There’s a reason for that annoying cramping.
Did you know the uterus is one of the strongest muscles in the body? That’s why it’s so adept at causing cramps! In order to help push everything—all that good stuff we talked about above—down and out, your uterine muscle contracts, like it would during childbirth (but on a much smaller scale). Especially strong contractions can momentarily constrict the blood vessels around the uterus, causing pain that we feel as “cramps.”
It’s comforting to know that everything, even the unpleasant stuff, that happens during your period has a higher purpose, isn’t it? No?
It’s not actually a lot of blood.
Each cycle, most women lose around 4 tablespoons of blood over 3–5 days (though up to a third of a cup is normal, as are week-long periods and even small blood clots). That’s less than the amount of chocolate syrup we drizzle on our ice cream on our worst PMS days.
Pay attention to your period!
Your visits from Aunt Flow could be cluing you into some important facts about your health—don’t ignore ‘em! Here are a few things to pay attention to:
- How much blood you’re losing and what it looks like. Women often don’t talk with their doctor about the signs of abnormal menstruation because their periods have always been that way—it’s their version of normal. But if you’re soaking through more than one pad or tampon every 1–2 hours or passing blood clots bigger than a quarter, see a doctor to check out what’s up.

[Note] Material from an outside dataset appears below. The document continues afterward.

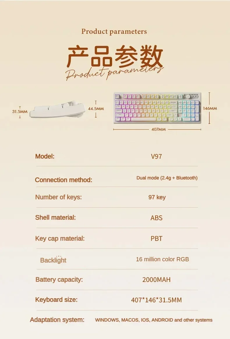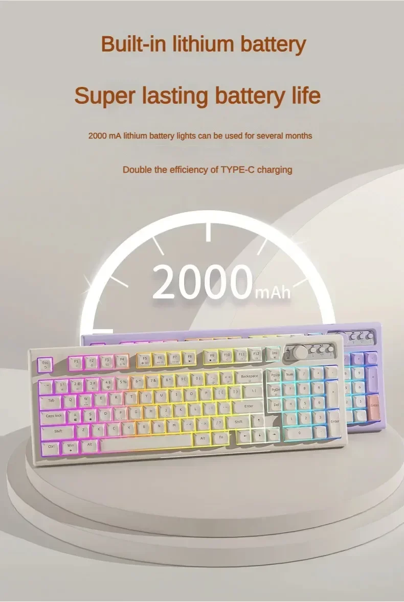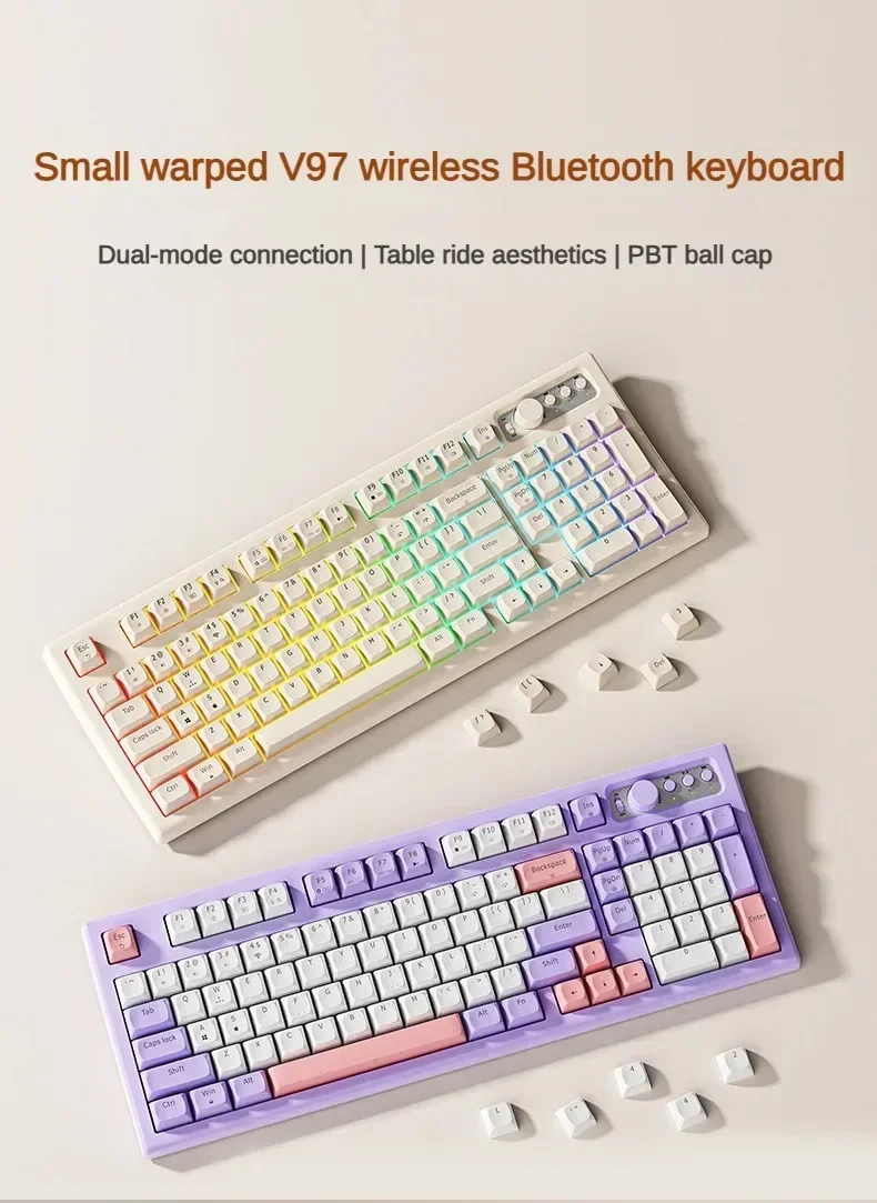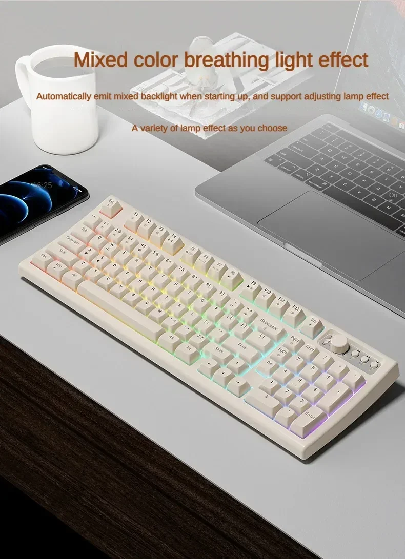 Eweadn V97 Teclado mecánico inalámbrico silencioso Diseño de 97 teclas Perilla multimedia retroiluminada RGB Teclado inalámbrico para juegos recargable

- How much pain you’re experiencing. Yes, we talked about the fact that slight cramping during your period, known as “dysmenorrhea,” is normal, as are mild joint or muscle pain, headaches, breast tenderness, and bloating. (Hooray for premenstrual syndrome!) But severe pain or cramping that interferes with your everyday life, suddenly gets much worse, can’t be relieved with over-the-counter or at-home methods, or occurs throughout your ovulation cycle could indicate endometriosis or other disorders.
- The length of your cycle. Your cycle is measured from the first day of one period to the first day of the next. A typical ovulation cycle last about 28 days, but as we’ve talked about before, every cycle is a little different—for adult women, cycles can range from 21 to 35 days. Tracking the length of your cycle is important for two reasons, besides just helping you predict the date of your next one: firstly, the length of your cycle will affect the day you ovulate, which is important when or if you want to get pregnant; and secondly, irregular cycles or cycles that change or stop suddenly can be a sign of something gone awry.

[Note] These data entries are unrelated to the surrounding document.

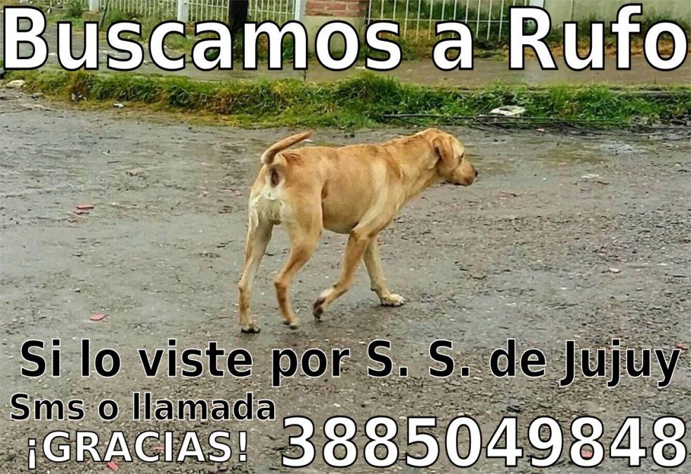 Rufo es un perrito "ladrador" de tan solo 9 meses color canela, se extravió por el Centro vecinal Azopardo. Los dueños lo buscan y piden a aquellos que lo vean comunicarse por sms o llamadas al 3885049848.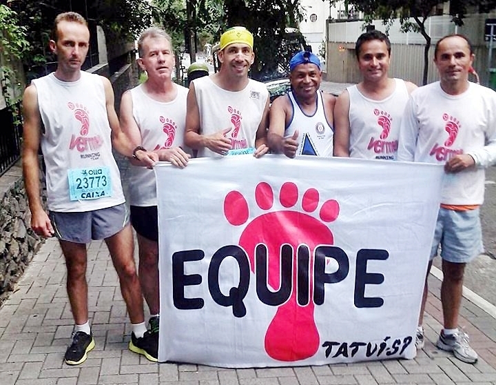 São Silvestre – Dia 31 de dezembro, atletas de Tatuí competiram na tradicional “Corrida Internacional de São Silvestre”, na Capital Paulista. Os integrantes da equipe “Pé Vermeio” postaram fotos e informações nas redes sociais, onde destacam sua presença na 89ª edição desta prova, que teve como vencedores os quenianos Edwin Kipsang (masculino) e Nancy Kipron (feminino). A foto acima mostra membros da equipe “Pé Vermeio” em pose especial, antes do início da corrida. (C/FOTO – Facebook/Eronides dos Santos)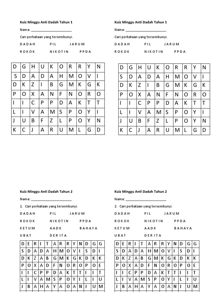Contoh Soalan Kuiz Anti Dadah Sekolah Menengah Gong Syima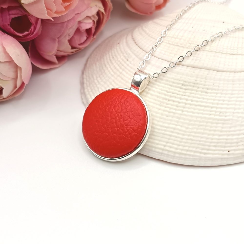 Ezüst nyaklánc – piros textilbőrrel

Getting your period doesn’t necessarily mean you can get pregnant.
Yes, a regular period is great—but it doesn’t give the whole story about your fertility. Women often get a period right up until menopause, but thanks to a combination of low egg quantity and poor egg quality, their fertility typically starts to decline steeply nearly a decade earlier, between 35 and 40. Even if those women are getting monthly periods, they may still experience infertility. And if you’re using hormonal contraception like the birth control pill, the NuvaRing, or the Mirena IUD, you’ll probably keep getting a monthly period, even though you’re not ovulating (which is the primary way these methods prevent pregnancy).